The last vestiges of winter are always so sad and dirty looking. As the snow begins to melt, it reveals leaves and litter from the previous fall. We are tempted to clean the mess right away, but the biodegradable part, leaves and stems of plants, often have become the winter home of butterflies, bees and other pollinators. If we do the clean-up before it is warm enough for them to rise and shine (above 10⁰C), we’ll be destroying a lot of new life.
The last vestiges of a person’s life are often not the best of times either. During Lent this year, both my father and our Sr. Clarice Garvey died. Each had been experiencing some dementia towards the end of their life and we were left feeling that we had begun to lose them long before they passed on.
The day before Clarice’s funeral, I sat in the chapel of Presentation Manor and gazed on the Risen Christ figure hanging above the altar. This figure is not shiny and glorious.
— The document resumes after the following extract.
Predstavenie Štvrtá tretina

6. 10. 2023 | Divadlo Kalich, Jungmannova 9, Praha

Instead, the artist, Timothy Schmalz, has created a figure that bears the signs of suffering and of resurrection in a way that I have never seen before.
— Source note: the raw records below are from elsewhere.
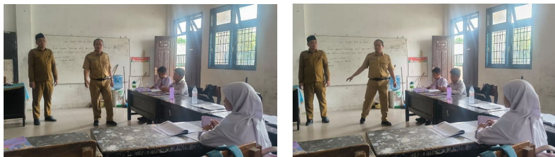
Gambar 2. Penyampaian materi edukasi multikultural dan pengenalan nilai toleransi kepada siswa SD Negeri 163089.

Pelaksanaan kegiatan menunjukkan bahwa siswa memiliki ketertarikan tinggi terhadap tema budaya dan toleransi. Antusiasme tersebut terlihat ketika siswa diminta menyebutkan contoh budaya daerah, makanan khas, bahasa daerah, pakaian adat, lagu daerah, dan kebiasaan keluarga. Kegiatan ini memperlihatkan bahwa tema keberagaman lebih mudah dipahami siswa sekolah dasar apabila dikaitkan dengan pengalaman konkret yang dekat dengan kehidupan sehari-hari. Temuan ini sejalan dengan Suryaningsih et al. (2023), yang menegaskan bahwa pendidikan multikultural di sekolah dasar dapat menjadi strategi untuk membentuk karakter berkebinekaan global melalui pengenalan dan penghargaan terhadap budaya.
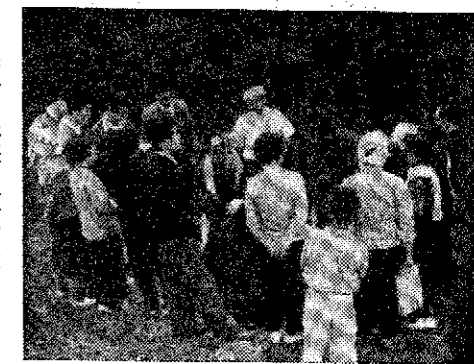
対象として開設されるが、農漁業に關係ある課目については十一月以降部落でも開設の予定で、第一回は九月二十九日

漁業 漁業が魚類の船に積みこまれた土に不足と底引は「こぬか」がねり網の侵入によつて、限度に船によつて造られた
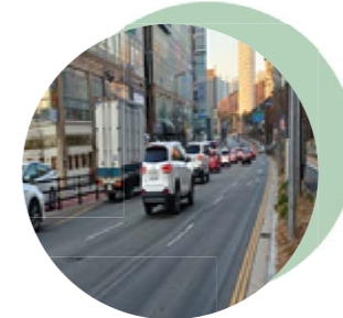
07 성금교차로 혼잡도 개선 상습 정체교차로 개선

I pondered on the lives of my father and Clarice… Both had lived good long lives. Bothwere well respected and well loved by family, friends and the wider community. As I continued to gaze on the Risen Christ figure, it struck me that it is the totality of who we are that is loved by God and rises to New Life… not just the good, pleasant bits.
As we move into our celebration of Easter this year, may we name and embrace, not just the glorious and shiny parts of ourselves, but also the other parts, including the sufferings and temptations of which we might not be so proud. May we accept the totality of who we are and know that we are loved by God as we rejoice and dream of ways in which we too will rise to New Life.